If your 4-year-old eats half of a sliced cucumber an hour before dinner, he will likely still have an appetite. A child who munches on almonds instead of graham crackers has a bounty of more fiber and fats to draw on throughout the day. If we must snack, let it be something helpful and palate-expanding.

What about the cost? After loading the grocery cart with a couple of boxes of packaged snacks, the prices are surprisingly high. Grocery inflation can be felt in the Dorito aisle, not just the egg cartons, after all.

So before investing in perishable food items that your children may reject, here are a few simple ways to shift your family’s eating habits over time that will not devastate the food budget. In fact, if you opt for fewer ultra-processed items, you may be surprised at how much the food budget drops!

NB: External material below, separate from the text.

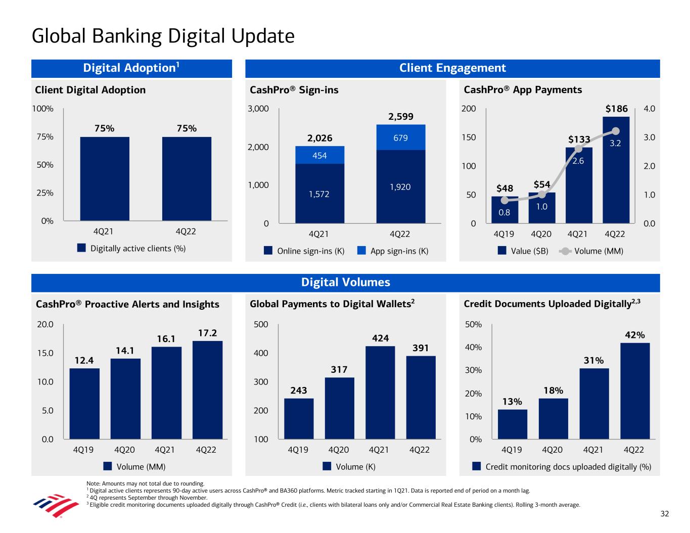 Credit Documents Uploaded Digitally2,3 CashPro® Proactive Alerts and Insights Global Payments to Digital Wallets2 CashPro® App PaymentsClient Digital Adoption CashPro® Sign-ins $48 $54 $133 $186 0.8 1.0 2.6 3.2 Value ($B) Volume (MM) 4Q19 4Q20 4Q21 4Q22 0 50 100 150 200 0.0 1.0 2.0 3.0 4.0 2,026 2,599 1,572 1,920 454 679 Online sign-ins (K) App sign-ins (K) 4Q21 4Q22 0 1,000 2,000 3,000 75% 75% Digitally active clients (%) 4Q21 4Q22 0% 25% 50% 75% 100% Client Engagement Digital Volumes Global Banking Digital Update 32 Digital Adoption1 Note: Amounts may not total due to rounding. 1 Digital active clients represents 90-day active users across CashPro® and BA360 platforms. Metric tracked starting in 1Q21. Data is reported end of period on a month lag. 2 4Q represents September through November. 3 Eligible credit monitoring documents uploaded digitally through CashPro® Credit (i.e., clients with bilateral loans only and/or Commercial Real Estate Banking clients). Rolling 3-month average. 243 317 424 391 Volume (K) 4Q19 4Q20 4Q21 4Q22 100 200 300 400 500 12.4 14.1 16.1 17.2 Volume (MM) 4Q19 4Q20 4Q21 4Q22 0.0 5.0 10.0 15.0 20.0 13% 18% 31% 42% Credit monitoring docs uploaded digitally (%) 4Q19 4Q20 4Q21 4Q22 0% 10% 20% 30% 40% 50%

  1. Introduce mild vegetables that might be a hit. Many children enjoy the sweet, crisp taste of carrots, the satisfying crunch of raw celery and cucumbers, and the subtle flavors of bell peppers and sugar snap peas. Try small quantities of foods like these, and, as their taste buds change, your children may accept these as a preferred snack.
  2. Experiment with nuts and cheese. Try a wide range of nuts and cheeses to find protein-rich and fatty snacks that satisfy kids in a growth spurt. Both nuts and cheeses can be pricey, but budget-friendly options like peanuts and almonds purchased in bulk and the large blocks of cheese at Sam’s Club or Costco might become a family favorite.
  3. Find exciting novelties. The occasional pack of salted seaweed or freeze-dried strawberries will set you back as much as packaged potato chips or Goldfish, but items like these usually don’t have the food dyes and carbo-loading overwhelm of many conventionally processed snacks. Pickles and olives can be another way of achieving that super salty treat some kids crave.

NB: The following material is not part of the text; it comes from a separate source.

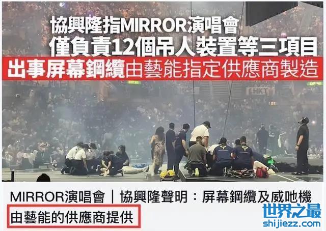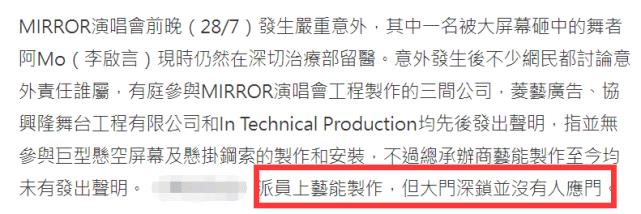 意外发生后,不少网友都讨论这场意外谁该负主要责任,目前知道参与Mirror演唱会舞台工程制作的有三家公司,分别是菱艺广告、协兴隆和ITP,但三家公司都先后发出声明,澄清没有参与大屏幕的制作与安装,也就是否认与屏幕下坠意外有关。

In general, as Le Billon observed in France, allowing children to try different fruits and vegetables in a variety of forms (for example: raw, roasted, dried, pickled) allows them to become more familiar with a wide range of single-ingredient foods. This moves them away from the taste-distorting world of processed food and back to a sane way of eating.

As the school year gets underway again, let’s reconsider our families’ snacking habits. No Ph.D. is required to think critically about what your family is eating and if you actually enjoy it.